2. The statement “If a quadrilateral is a rectangle, then the diagonals of the quadrilateral are congruent” is true. Is the converse true?
Click for Answer 2:
No. The converse is “If the diagonals of a quadrilateral are congruent, then the quadrilateral is a rectangle.” Counterexamples include quadrilaterals like isosceles trapezoids and certain kites.
Note: The converse of the statement “If a parallelogram is a rectangle, then the diagonals of the parallelogram are congruent” is true.
3. Show that if $latex a$ is a natural number, then the number $latex a^5 – a$ is always divisible by 5.
Click for Answer 3:
To show this, we’ll use the following fact: Any integer $latex a$ is either a multiple of 5 or one, two, three or four more than a multiple of 5.
First we factor: $latex a^5 – a = a(a^4-1) = a(a^2-1)(a^2+1) = a(a-1)(a+1)(a^2 + 1)$. Since $latex a$ is a factor, we know that if $latex a$ is a multiple of 5, then $latex a^5 – a$ is as well.
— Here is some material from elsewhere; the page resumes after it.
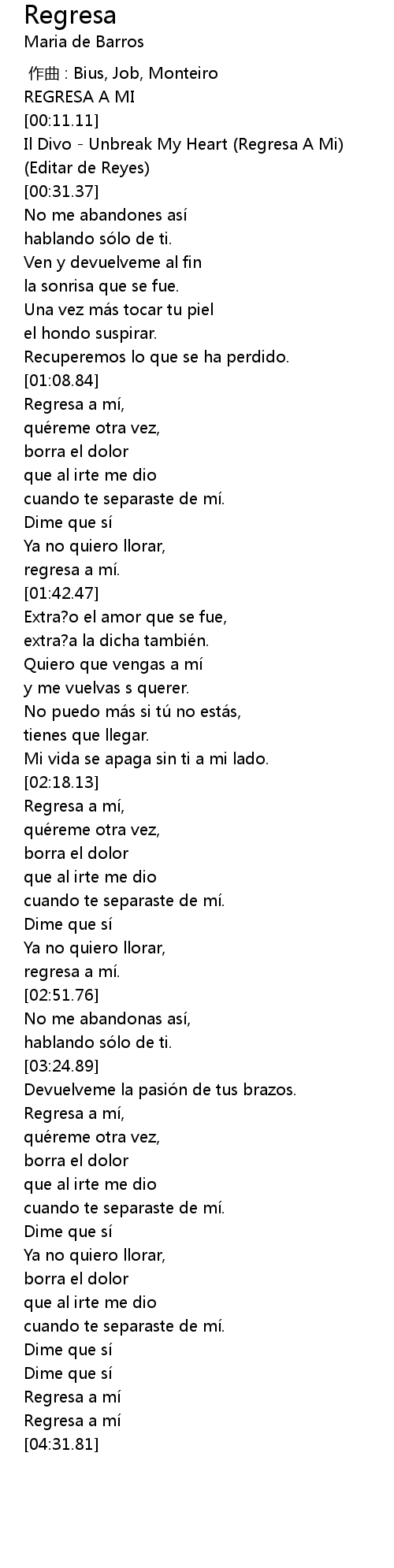 | [00:16.14] | Il Divo - Unbreak My Heart (Regresa A Mi) |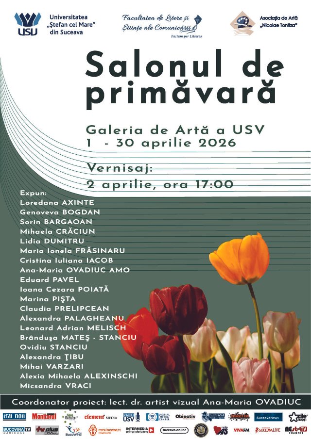 Asociaţia de Artă „Nicolae Tonitza” din cadrul Universităţii „Ştefan cel Mare” din Suceava , organizează joi, 2 aprilie, 2026, ora 17:00, în Galeria de Artă a USV, vernisajul expoziției „Salonul de primăvară”.

If $latex a$ is one more than a multiple of 5, then the factor $latex a − 1$ will be a multiple of 5. A similar argument holds if $latex a$ is four more than a multiple of 5, since in that case $latex a + 1$ will be a multiple of 5.
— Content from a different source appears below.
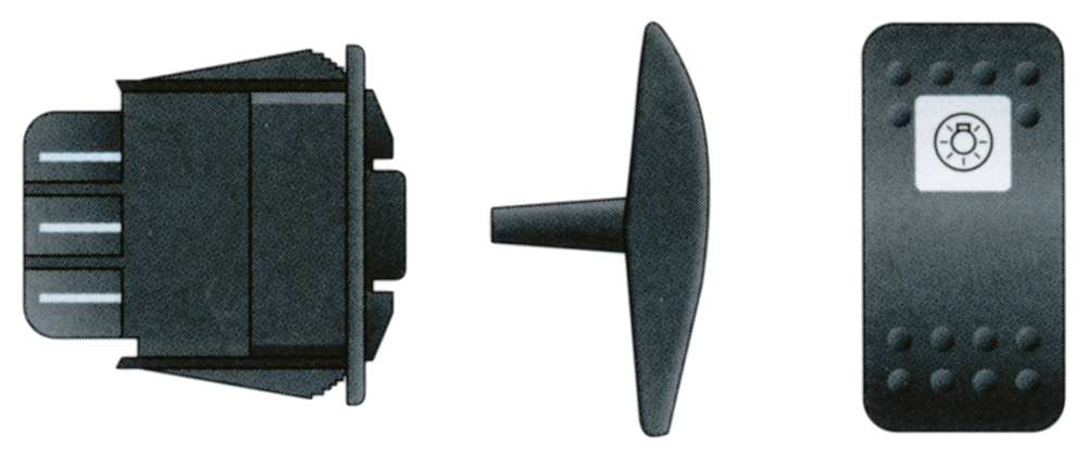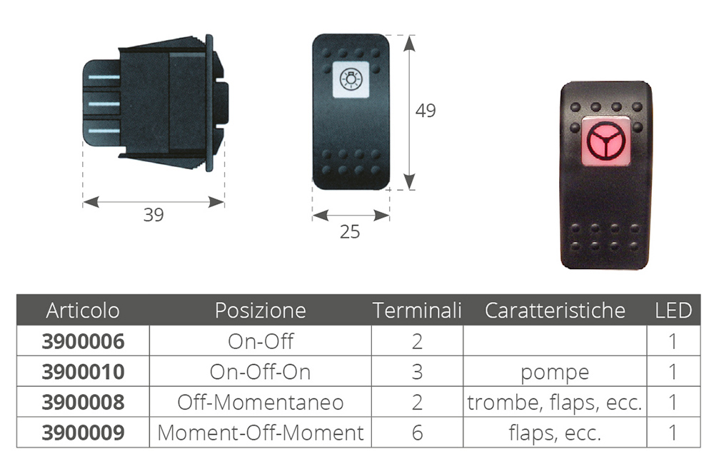 Kippschalter. Ideal für die Montage im Freien, wasserdicht nach IP66, garantiert es eine gute Beständigkeit gegen Witterungseinflüsse. Befestigungsloch mm. 21x37x39 prof. Stromversorgung 12V, 20 Ampere oder 24V, 15A. Komplett mit roter LED mit Selbstzündung nur bei 12V (Klemme 8+ 7-). Die Schalter werden ohne Kippschalter geliefert und sind separat zu bestellen.

But what if $latex a$ is two more than a multiple of 5? Assuming this, we write $latex a = 5k + 2$, and we consider the factor $latex a^2 + 1$:
$latex a^2 + 1 = (5k+2)^2 + 1$
$latex = 25k^2 + 20k + 4 + 1$
$latex = 25k^2 + 20k + 5$
$latex = 5(5k^2 + 4k + 1)$.
In this case, the $latex a^2 + 1$ factor is divisible by 5, and so $latex a^5 – a$ must also be divisible by 5. A similar argument works in the remaining case when $latex a$ is three more than a multiple of 5, if we set $latex a = 5k + 3$. Since one of these cases must hold for the integer $latex a$, we see that $latex a^5 – a$ is always divisible by 5.